53. Then the Venerable Ánanda said: "This, O Lord, I have heard and learned from the Blessed One himself when the Blessed One said to me: 'Whosoever, Ánanda, has developed, practiced, employed, strengthened, maintained, scrutinized, and brought to perfection the four constituents of psychic power could, if he so desired, remain throughout a world-period or until the end of it. The Tathágata, Ánanda, has done so. Therefore the Tathágata could, if he so desired, remain throughout a world-period or until the end of it.'"
54. "And did you believe it, Ánanda?" "Yes, O Lord, I did." "Then, Ánanda, the fault is yours. Herein have you failed, inasmuch as you were unable to grasp the plain suggestion, the significant prompting given by the Tathágata, and you did not then entreat the Tathágata to remain. For if you had done so, Ánanda, twice the Tathágata might have declined, but the third time he would have consented.
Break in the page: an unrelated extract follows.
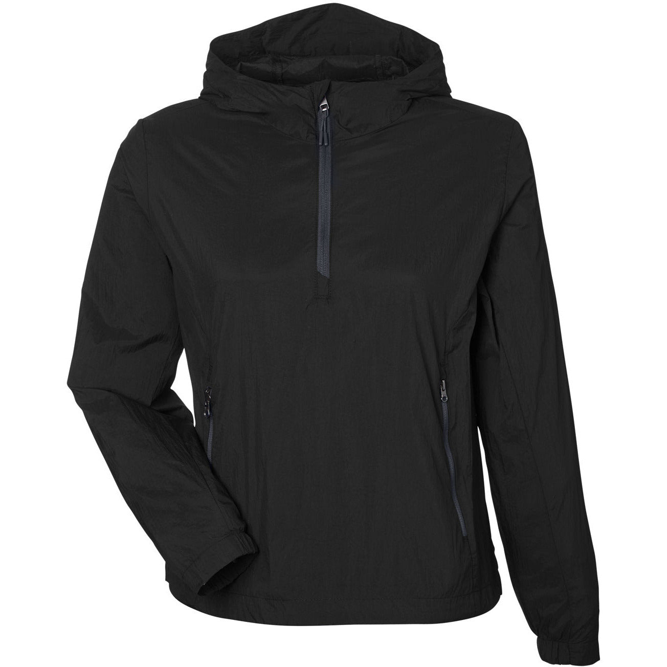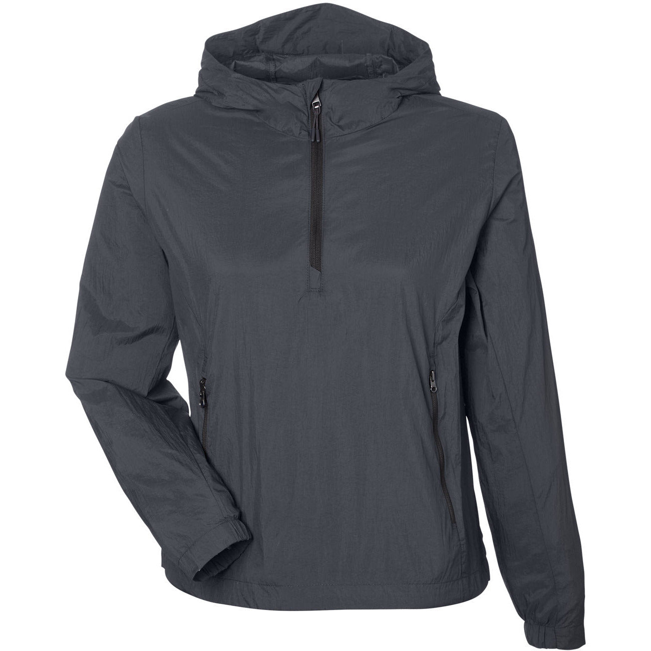 1 oz/yd² / 39 gsm, 100% recycled nylon; Water-repellent; Three-piece hood with brim detail; Self-fabric chinguard; Contrast center front reverse coil zipper with autolock slider and toggle; Lower zippered pockets with zipper garages; Packable style into self pocket bag; Partial encased elastic cuffs; Shockcord at hood and hem

Therefore, Ánanda, the fault is yours; herein have you failed.
Maybe you can help me understand this Jhananda.
So - at least until the world/universe implodes back into the Godhead, an arahant or full-on saint does, or can, maintain a positive immortality, in which he can still say "I exist."
Is this the power of a nonreturner, which an arahant keeps after becoming an arahant?
Are there some saintly people, like Christ or others, who maintain a "positive existence," while others have gone into Nirvana?